Sometimes when I experience the death of the vision it causes me to look inwardly to find out why. Failure is not easy for any of us but I have discovered "that it is safe to fail and failure is usually our greatest teacher". Sometimes there is sin in my life that needs to be dealt with. What comes to me often is the verse that says" if I regard iniquity in my heart, the Lord will not hear me." (Psalm 66:18) At times in my life when I face failure, I go to God and asked him to search me, try me, cleanse me and lead me in the way everlasting (Psalm 139:23, 24) most of the time when I do not receive a direct answer from God it is not because of sin. Sometimes, His timing is different from mine and that means, I just need to wait and trust Him to do what is right. For some people, it may appear that this kind of reasoning is an escape from reality, but to me, God is the only reality that matters because He is the one in control. When we choose to live our life without Him it is no wonder that everything goes crazy.
Several weeks ago I received a copy of Charles Colson's book " the body". picked up by my sister-in-law which she purchased for one dollar in the bookstore. She probably doesn't know why she picked that book up, She is married to a Muslim. She sent the book to my mother-in-law who had no interest in reading it so it wound up in my hands, and I am reading it now for the second time. Charles Colson is a great writer. For those of you who don't know who he is, he was very much involved in the engineering of the Watergate problem during the presidency of Richard Nixon. His writings are very relevant to our time and his experience among prisoners has helped him to understand what is important. I am presently reading his book "The Good Life" and much of what he relates in this book confirms what I am writing about. He shares many stories of people whose expectations were disappointed by reality. Several years ago when Lee Iacocca retired, he expressed the desire to go back to work again and come out of retirement. He stated at that time “How much fishing and golfing do you have to do?” I love to golf and I enjoy fly fishing, but since I started writing, and still work full time, there is not much time to do these. I also enjoy tying my own flies and being surprised when I catch fish with them. However, this past year I was able to go out golfing twice with my friend and neither of us even purchased a fishing license. What's the point? Spending my life in pursuit of personal pleasures is being replaced by something much more meaningful.
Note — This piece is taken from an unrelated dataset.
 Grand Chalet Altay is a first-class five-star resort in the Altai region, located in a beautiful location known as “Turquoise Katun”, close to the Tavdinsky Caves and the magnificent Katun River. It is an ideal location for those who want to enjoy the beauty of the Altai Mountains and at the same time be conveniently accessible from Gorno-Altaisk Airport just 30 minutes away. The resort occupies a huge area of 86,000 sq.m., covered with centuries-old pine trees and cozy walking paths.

The purpose of ministry is not self-serving and when I spend my life in pleasing myself it results in emptiness. The idea of looking forward to retirement where I have all of my life to do with as I please does not bring pleasure. I have a goal for my life that I try to live by and share with others. It is, " Be a servant: Be a friend: and Be faithful,” As a Christian, I find that that these three simple rules are important in my relationship to the people I work with and associate with.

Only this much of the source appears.